Copy out each line of the material that includes the word "which".

SOURCE INFORMATION START

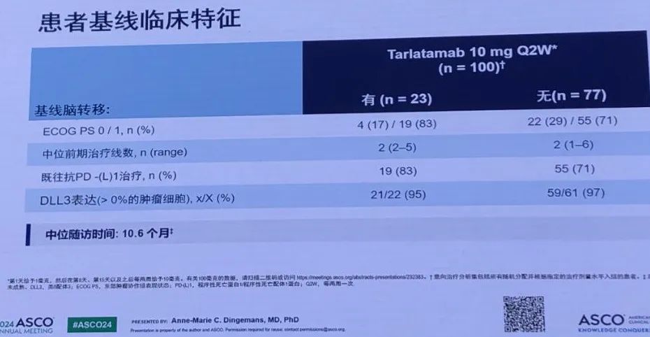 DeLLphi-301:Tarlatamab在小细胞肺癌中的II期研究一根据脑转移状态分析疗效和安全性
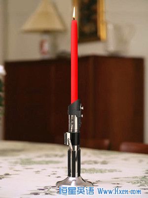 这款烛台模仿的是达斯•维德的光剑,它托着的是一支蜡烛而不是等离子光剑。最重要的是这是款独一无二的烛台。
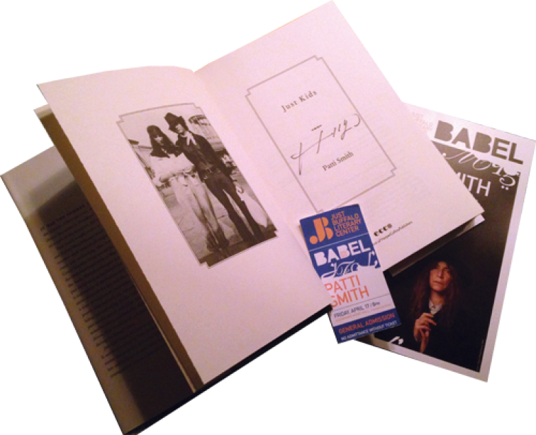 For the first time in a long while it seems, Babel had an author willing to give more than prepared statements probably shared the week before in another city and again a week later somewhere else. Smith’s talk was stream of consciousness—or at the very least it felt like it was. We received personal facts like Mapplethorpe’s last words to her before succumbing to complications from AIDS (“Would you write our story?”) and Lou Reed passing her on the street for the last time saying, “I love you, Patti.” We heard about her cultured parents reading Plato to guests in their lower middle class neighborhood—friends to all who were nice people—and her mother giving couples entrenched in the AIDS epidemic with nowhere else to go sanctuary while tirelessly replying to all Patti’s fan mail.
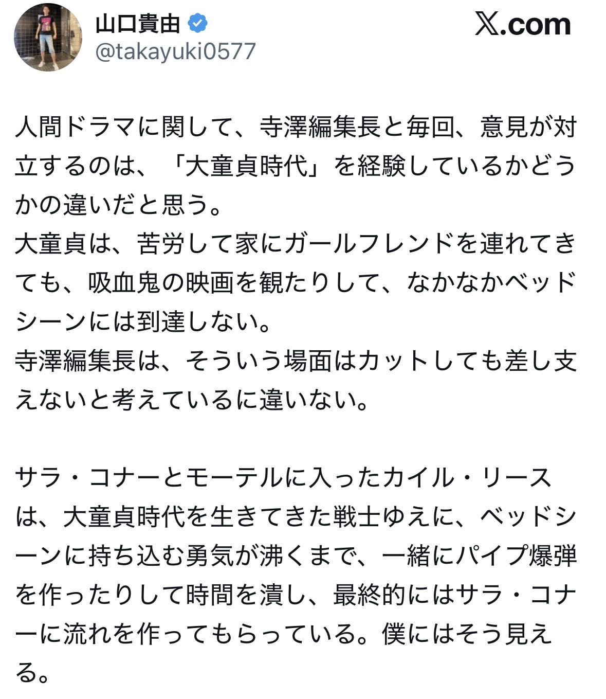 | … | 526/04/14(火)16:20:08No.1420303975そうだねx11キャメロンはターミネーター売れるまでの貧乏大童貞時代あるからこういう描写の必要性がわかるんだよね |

SOURCE INFORMATION END
SOURCE INFORMATION START

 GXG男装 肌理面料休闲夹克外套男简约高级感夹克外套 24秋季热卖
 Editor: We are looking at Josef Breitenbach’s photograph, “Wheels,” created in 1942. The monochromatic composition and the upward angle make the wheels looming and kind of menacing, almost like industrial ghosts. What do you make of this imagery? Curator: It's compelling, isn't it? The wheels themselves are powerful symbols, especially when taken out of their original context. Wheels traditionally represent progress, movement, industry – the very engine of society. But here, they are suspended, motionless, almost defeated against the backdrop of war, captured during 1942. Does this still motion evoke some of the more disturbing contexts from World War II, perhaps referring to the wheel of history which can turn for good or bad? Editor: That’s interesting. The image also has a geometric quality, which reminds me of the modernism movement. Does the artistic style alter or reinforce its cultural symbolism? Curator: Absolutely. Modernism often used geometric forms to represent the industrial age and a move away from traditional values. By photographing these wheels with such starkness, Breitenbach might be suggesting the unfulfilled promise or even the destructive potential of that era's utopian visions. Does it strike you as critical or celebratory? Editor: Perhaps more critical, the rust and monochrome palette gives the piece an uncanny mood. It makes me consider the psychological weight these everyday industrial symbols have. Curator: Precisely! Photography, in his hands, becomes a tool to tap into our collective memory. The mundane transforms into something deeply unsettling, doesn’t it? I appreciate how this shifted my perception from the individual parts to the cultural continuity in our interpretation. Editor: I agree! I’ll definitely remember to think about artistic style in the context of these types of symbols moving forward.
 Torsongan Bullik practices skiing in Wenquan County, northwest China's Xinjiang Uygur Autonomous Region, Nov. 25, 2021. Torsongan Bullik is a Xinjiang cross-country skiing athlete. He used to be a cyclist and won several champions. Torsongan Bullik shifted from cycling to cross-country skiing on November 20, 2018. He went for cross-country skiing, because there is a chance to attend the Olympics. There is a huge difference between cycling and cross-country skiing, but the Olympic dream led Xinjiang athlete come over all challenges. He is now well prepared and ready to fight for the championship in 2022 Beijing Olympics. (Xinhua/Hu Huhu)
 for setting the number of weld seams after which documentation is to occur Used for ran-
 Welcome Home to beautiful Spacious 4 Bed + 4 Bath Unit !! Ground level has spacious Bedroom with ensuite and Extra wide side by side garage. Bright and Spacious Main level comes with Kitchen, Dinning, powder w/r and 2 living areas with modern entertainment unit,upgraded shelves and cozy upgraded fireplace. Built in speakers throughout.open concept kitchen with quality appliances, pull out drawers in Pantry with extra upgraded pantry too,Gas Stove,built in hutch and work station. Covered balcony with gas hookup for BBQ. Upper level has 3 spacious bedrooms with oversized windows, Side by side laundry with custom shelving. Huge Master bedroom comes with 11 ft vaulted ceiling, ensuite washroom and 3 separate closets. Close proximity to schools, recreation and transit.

SOURCE INFORMATION END

• **COMPLETED TASK**:
 Editor: We are looking at Josef Breitenbach’s photograph, “Wheels,” created in 1942. The monochromatic composition and the upward angle make the wheels looming and kind of menacing, almost like industrial ghosts. What do you make of this imagery? Curator: It's compelling, isn't it? The wheels themselves are powerful symbols, especially when taken out of their original context. Wheels traditionally represent progress, movement, industry – the very engine of society. But here, they are suspended, motionless, almost defeated against the backdrop of war, captured during 1942. Does this still motion evoke some of the more disturbing contexts from World War II, perhaps referring to the wheel of history which can turn for good or bad? Editor: That’s interesting. The image also has a geometric quality, which reminds me of the modernism movement. Does the artistic style alter or reinforce its cultural symbolism? Curator: Absolutely. Modernism often used geometric forms to represent the industrial age and a move away from traditional values. By photographing these wheels with such starkness, Breitenbach might be suggesting the unfulfilled promise or even the destructive potential of that era's utopian visions. Does it strike you as critical or celebratory? Editor: Perhaps more critical, the rust and monochrome palette gives the piece an uncanny mood. It makes me consider the psychological weight these everyday industrial symbols have. Curator: Precisely! Photography, in his hands, becomes a tool to tap into our collective memory. The mundane transforms into something deeply unsettling, doesn’t it? I appreciate how this shifted my perception from the individual parts to the cultural continuity in our interpretation. Editor: I agree! I’ll definitely remember to think about artistic style in the context of these types of symbols moving forward.
 for setting the number of weld seams after which documentation is to occur Used for ran-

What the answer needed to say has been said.